口の中でフワッと溶ける「親子丼リゾット」はワインと一緒に

コクハク編集部
更新日:2020-08-26 06:00
投稿日:2020-08-26 06:00
 伝説の達人に聞く、男子が泣いて喜ぶおつまみ。題して“ダンツマ”。今回は東京・新橋のフレンチ「ボワ ヴェール」の川口かずのりさんに、シメに食べたい「親子丼リゾット」のレシピを教えていただきました。

お好きな食べ方でどうぞ

 青森の食材の何に引かれているのですか?

「素晴らしさを挙げるとキリがないのですが、ひとつは東京や大阪にはない不便さ。具体的には、青森の多くの地域は冬、雪がたくさん降るため農作ができない。言い換えれば、自然が定めたほどよい時間、土地が休まるということ。そういう土地で作られた野菜は、ミネラルたっぷりで、味が濃いんです」

「けやぐ」という津軽弁が象徴する人間関係も川口シェフをとらえて離しません。「けやぐ」とは、親友という意味。「契約」からきています。
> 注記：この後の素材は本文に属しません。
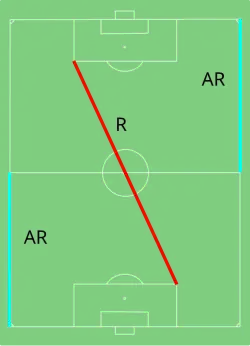 Law 6 of the Laws of the Game specifies that "two assistant referees may be appointed".[1] The assistant referees move along the touchlines, each covering their own half of the field of play.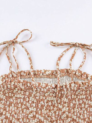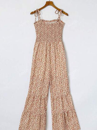 Acelitt إطلالة نسائية للصيف بأسلوب إجازة تتميز بأنها جمبسوت واسع الساق بنمط إكسسوارات علوية مع ألوان زهرية، متدلية من الخلف، من خشب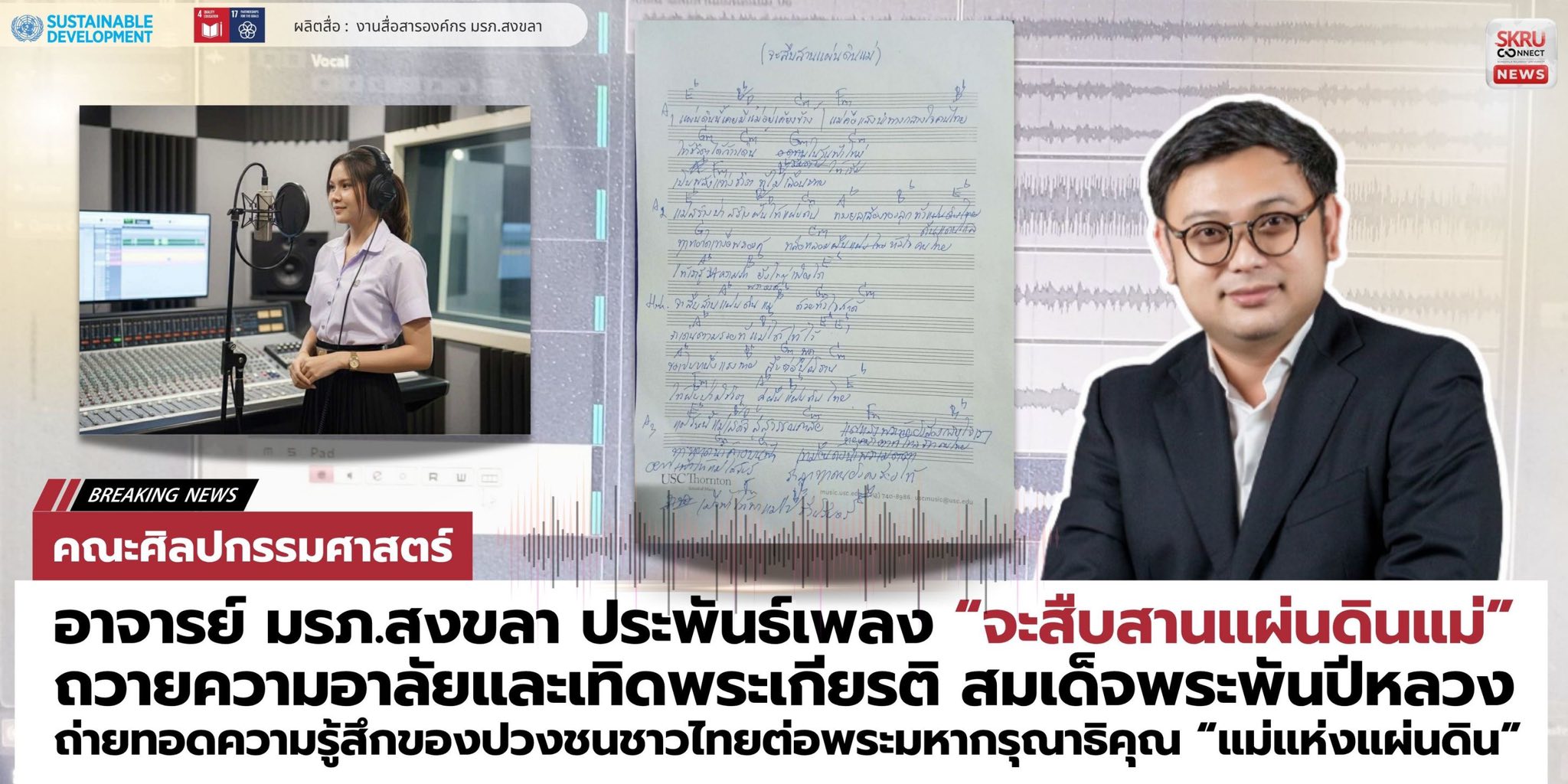 อาจารย์คณะศิลปกรรมฯ มรภ.สงขลา แต่งบทเพลง “จะสืบสานแผ่นดินแม่” ถวายความอาลัยและเทิดพระเกียรติแด่สมเด็จพระนางเจ้าสิริกิติ์ พระบรมราชินีนาถ พระบรมราชชนนีพันปีหลวง ถ่ายทอดความรู้สึกปวงชนชาวไทยต่อพระมหากรุณาธิคุณ “แม่แห่งแผ่นดิน”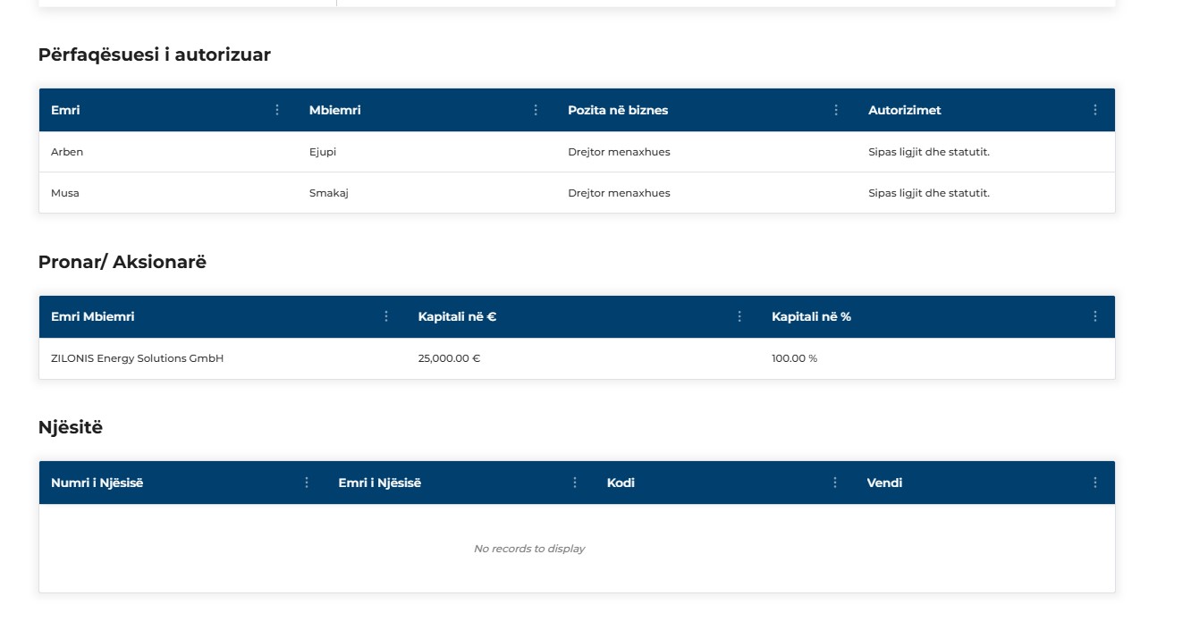 Personat e autorizuar të kësaj kompanie në Kosovë janë Arben Bujupi dhe Musa Smakaj, ndërsa si pronar është e regjistruar kompania mëmë ZILONIS Energy Solutions GmbH.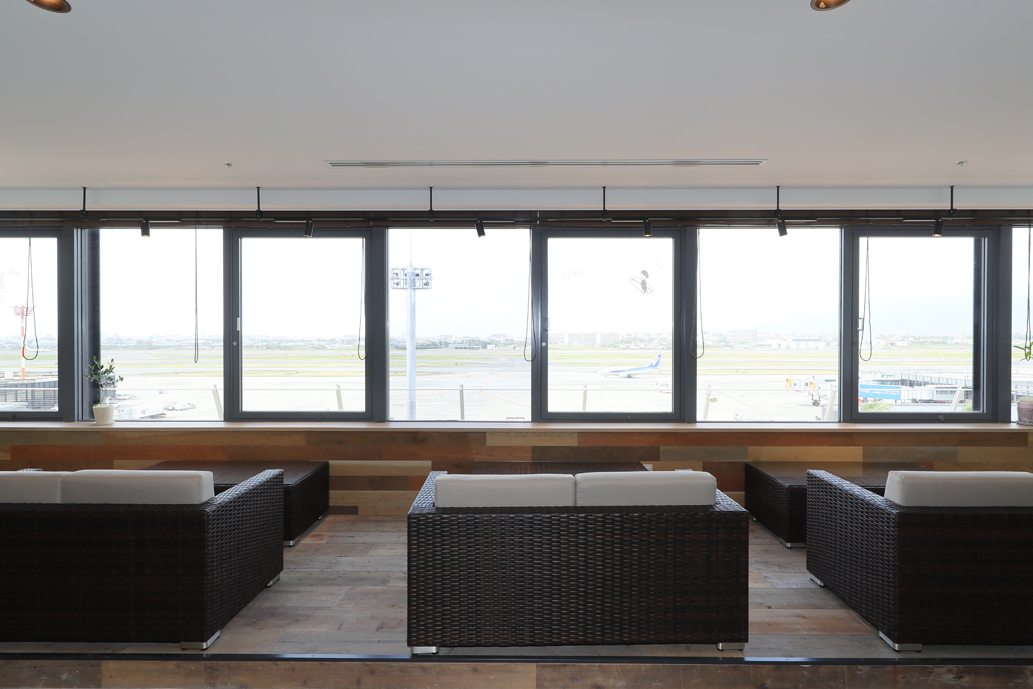 展望デッキには「よしもとエンタメショップ」、インテリアショップの「ACTUS」、「NORTH SHORE CAFE&DINING」などのほか、ショップやカフェもあり、ゆっくりと過ごすことができます。「NORTH SHORE CAFE&DINING」の滑走路側を向いたソファ席は、眺望抜群で展望デッキイチの特等席!

「友と付き合うというのは、契約するということ。いい時も悪い時も付き合う。商売をしていると“いい時”だけの付き合いがほとんど。でも、青森を通してできた関係は、いい時も悪い時も“けやぐ”なんです」

 川口シェフが青森のPRに努める一方で、青森の食材の生産者の中には「川口シェフのためなら」と従来のものとは違う“味”づくりに取り組んでくれる人も多いそうです。

【材料】

・鶏肉
・醤油
・ニンニク
・吸い物よりやや濃い味付けの煮干しでとっただし(顆粒だしでもOK)
・生クリーム
・麩
・冷やご飯
・かたくり粉
・卵
・スイートチリソース
・白髪ネギ
・ミツバ

【レシピ】

(1)常温に戻した鶏肉を醤油とおろしニンニクでよくもみ、しばらく置く。
(2)鶏肉を焼く。八分ほど火が通ったら、スイートチリソースと醤油を1対1で混ぜたソースを絡める。アルミで包んでトースターやオーブンで焼き、中まで火を通す。
(3)だしを2つに分ける。一方のだしに生クリームを1対1で入れて火にかけ、麩を投入。麩が軟らかくなったら冷やご飯を入れ、汁がなくなるまで煮詰め、深さのある皿に盛る。
(4)もう一方のだしを温め、水溶きかたくり粉でとろみをつけ、溶き卵を入れてかき卵汁にする。
(5)ご飯に4をかけ、ご飯の上に鶏肉、白髪ネギ、ミツバをのせる。スープだけ、スープとご飯、全て一緒に……などさまざまな食べ方で。

本日のダンツマ達人…川口かずのりさん

▽かわぐち・かずのり
 1974年大阪府堺市生まれ。大阪あべのエコールキュリネール辻フランス料理専門カレッジ卒業後、フランス・ブルゴーニュ「ル・ベナトン」へ。帰国後は、勝どき「クラブNYX」、西麻布「クリニャンクール」でフランス料理シェフの宮本雅彦氏に師事。帝国ホテルの「レ・セゾン」、日比谷三信ビルの「ラ・プロムナード」などを経て、「現代青森料理とワインの店ボワ ヴェール」のオーナーに。

▽ボワ ヴェール
 青森の食材にこだわった料理を提供。テーブル席がほとんど青森県出身者や青森ファンで埋まる、ということも。この店でプロポーズをし、新婚旅行は青森、そこでできた子供と一緒に食べにくる客もいる。ぜひ一度は食べてほしいのが、「本日の前菜盛り合わせ」。青森各地の旬の野菜を、シンプルな調理法でいただける。東京都港区西新橋1―13―4 B1。